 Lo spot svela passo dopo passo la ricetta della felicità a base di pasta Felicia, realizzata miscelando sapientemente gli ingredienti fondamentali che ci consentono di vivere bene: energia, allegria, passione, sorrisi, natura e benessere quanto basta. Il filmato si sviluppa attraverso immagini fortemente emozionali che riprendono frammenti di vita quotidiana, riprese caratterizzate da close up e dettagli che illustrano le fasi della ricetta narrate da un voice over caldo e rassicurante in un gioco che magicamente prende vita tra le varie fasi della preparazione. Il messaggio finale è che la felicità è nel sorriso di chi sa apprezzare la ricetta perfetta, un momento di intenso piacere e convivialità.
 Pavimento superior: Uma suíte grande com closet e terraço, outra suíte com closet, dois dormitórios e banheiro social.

□ □ □ □ □

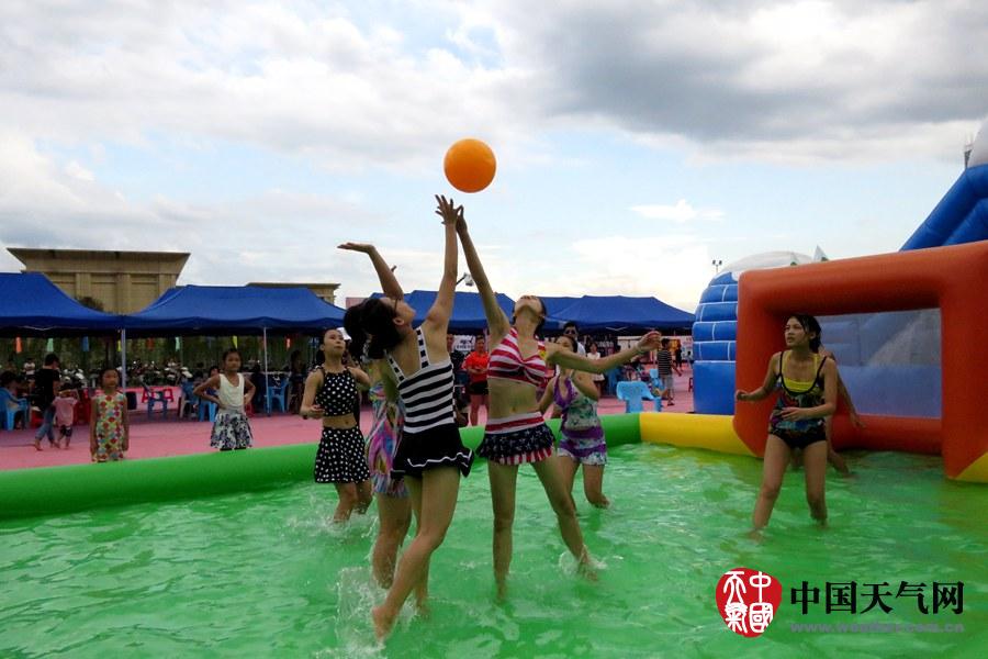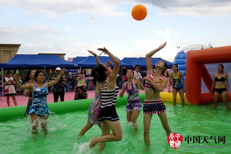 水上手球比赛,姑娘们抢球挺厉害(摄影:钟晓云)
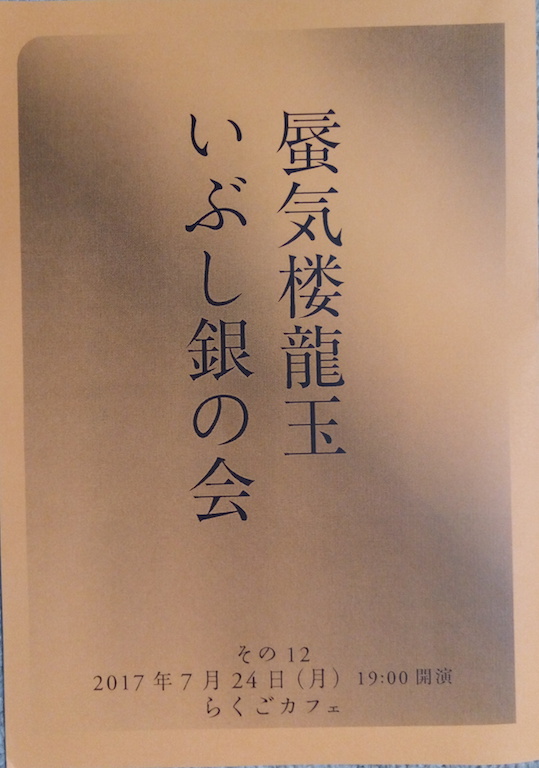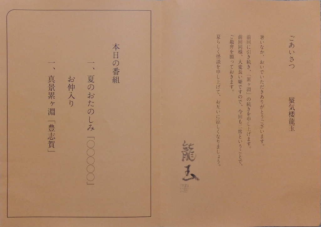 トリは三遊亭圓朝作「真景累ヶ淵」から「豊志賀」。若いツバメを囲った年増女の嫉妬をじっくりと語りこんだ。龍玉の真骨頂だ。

□ □ □ □ □

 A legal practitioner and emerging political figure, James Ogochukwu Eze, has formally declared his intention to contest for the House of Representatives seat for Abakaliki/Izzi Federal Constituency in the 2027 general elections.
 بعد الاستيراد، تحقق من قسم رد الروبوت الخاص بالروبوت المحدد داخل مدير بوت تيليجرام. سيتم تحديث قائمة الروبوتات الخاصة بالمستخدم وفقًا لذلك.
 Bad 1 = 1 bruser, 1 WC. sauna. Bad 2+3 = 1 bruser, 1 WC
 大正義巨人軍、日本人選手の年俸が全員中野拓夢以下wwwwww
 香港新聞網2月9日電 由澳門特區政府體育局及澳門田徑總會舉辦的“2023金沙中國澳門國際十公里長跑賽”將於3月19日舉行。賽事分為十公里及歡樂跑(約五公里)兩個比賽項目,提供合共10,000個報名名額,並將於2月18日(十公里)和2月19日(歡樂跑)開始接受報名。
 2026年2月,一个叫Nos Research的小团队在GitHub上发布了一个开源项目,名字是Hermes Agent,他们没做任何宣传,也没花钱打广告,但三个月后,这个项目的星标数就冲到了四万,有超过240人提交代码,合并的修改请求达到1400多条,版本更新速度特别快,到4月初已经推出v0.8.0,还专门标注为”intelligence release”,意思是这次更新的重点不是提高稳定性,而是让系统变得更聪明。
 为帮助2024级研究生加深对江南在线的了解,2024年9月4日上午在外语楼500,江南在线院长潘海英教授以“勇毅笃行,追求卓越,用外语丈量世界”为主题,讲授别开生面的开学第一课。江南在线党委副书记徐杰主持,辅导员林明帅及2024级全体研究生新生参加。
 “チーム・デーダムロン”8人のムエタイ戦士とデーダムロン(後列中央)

□ □ □ □ □

Problem description >> Using the records above, repeat exactly the run of lines that starts with the line with "水上手球比赛,姑娘们抢球挺厉害(摄影:钟晓云)" and goes on through the line with "トリは三遊亭圓朝作「真景累ヶ"; omit each picture.

Finished task >>
 水上手球比赛,姑娘们抢球挺厉害(摄影:钟晓云)
 トリは三遊亭圓朝作「真景累ヶ淵」から「豊志賀」。若いツバメを囲った年増女の嫉妬をじっくりと語りこんだ。龍玉の真骨頂だ。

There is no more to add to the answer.